■ **Activity**
How do the records below read from their first line through the line containing "Håndvaskens tynde kanter"? Write those lines out exactly.
--- Supplied data Enclosed Below ---
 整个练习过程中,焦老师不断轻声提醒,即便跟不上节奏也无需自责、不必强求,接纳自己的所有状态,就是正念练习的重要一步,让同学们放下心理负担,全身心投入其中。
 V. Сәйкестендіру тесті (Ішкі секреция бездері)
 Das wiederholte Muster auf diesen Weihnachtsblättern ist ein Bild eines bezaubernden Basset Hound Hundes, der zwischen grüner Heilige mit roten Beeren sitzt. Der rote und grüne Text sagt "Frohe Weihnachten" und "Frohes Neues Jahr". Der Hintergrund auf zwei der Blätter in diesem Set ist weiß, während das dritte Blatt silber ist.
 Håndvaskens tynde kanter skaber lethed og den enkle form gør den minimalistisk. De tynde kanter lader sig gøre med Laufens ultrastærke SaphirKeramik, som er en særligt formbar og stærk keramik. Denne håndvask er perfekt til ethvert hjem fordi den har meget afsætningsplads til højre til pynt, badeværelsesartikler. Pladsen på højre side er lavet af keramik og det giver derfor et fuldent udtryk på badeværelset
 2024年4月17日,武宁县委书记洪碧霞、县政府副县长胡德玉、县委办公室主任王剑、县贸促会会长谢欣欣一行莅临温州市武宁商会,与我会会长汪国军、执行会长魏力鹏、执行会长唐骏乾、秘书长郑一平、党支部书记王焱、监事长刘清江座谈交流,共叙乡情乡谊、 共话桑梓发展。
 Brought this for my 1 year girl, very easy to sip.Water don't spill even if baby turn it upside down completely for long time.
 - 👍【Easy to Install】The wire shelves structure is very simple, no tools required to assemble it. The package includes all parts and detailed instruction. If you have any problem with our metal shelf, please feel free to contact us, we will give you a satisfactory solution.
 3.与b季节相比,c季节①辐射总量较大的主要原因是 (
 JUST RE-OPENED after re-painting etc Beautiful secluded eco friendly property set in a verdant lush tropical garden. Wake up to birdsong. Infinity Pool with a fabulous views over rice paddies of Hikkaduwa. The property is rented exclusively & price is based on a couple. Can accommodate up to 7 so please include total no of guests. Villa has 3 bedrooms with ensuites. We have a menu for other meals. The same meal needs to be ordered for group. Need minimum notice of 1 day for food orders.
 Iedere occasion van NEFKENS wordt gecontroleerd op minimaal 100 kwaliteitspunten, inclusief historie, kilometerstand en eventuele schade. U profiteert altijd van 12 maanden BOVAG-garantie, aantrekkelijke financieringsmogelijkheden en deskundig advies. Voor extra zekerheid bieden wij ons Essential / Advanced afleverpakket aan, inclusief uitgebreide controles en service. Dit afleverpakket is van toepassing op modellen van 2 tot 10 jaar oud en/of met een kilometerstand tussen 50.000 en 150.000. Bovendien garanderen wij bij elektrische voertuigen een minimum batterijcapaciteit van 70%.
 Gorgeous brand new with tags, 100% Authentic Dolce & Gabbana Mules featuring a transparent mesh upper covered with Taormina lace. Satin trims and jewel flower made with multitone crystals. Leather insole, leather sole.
--- End of Enclosed Supplied data ---
■ **Answer to this exercise**
 整个练习过程中,焦老师不断轻声提醒,即便跟不上节奏也无需自责、不必强求,接纳自己的所有状态,就是正念练习的重要一步,让同学们放下心理负担,全身心投入其中。
 V. Сәйкестендіру тесті (Ішкі секреция бездері)
 Das wiederholte Muster auf diesen Weihnachtsblättern ist ein Bild eines bezaubernden Basset Hound Hundes, der zwischen grüner Heilige mit roten Beeren sitzt. Der rote und grüne Text sagt "Frohe Weihnachten" und "Frohes Neues Jahr". Der Hintergrund auf zwei der Blätter in diesem Set ist weiß, während das dritte Blatt silber ist.
 Håndvaskens tynde kanter skaber lethed og den enkle form gør den minimalistisk. De tynde kanter lader sig gøre med Laufens ultrastærke SaphirKeramik, som er en særligt formbar og stærk keramik. Denne håndvask er perfekt til ethvert hjem fordi den har meget afsætningsplads til højre til pynt, badeværelsesartikler. Pladsen på højre side er lavet af keramik og det giver derfor et fuldent udtryk på badeværelset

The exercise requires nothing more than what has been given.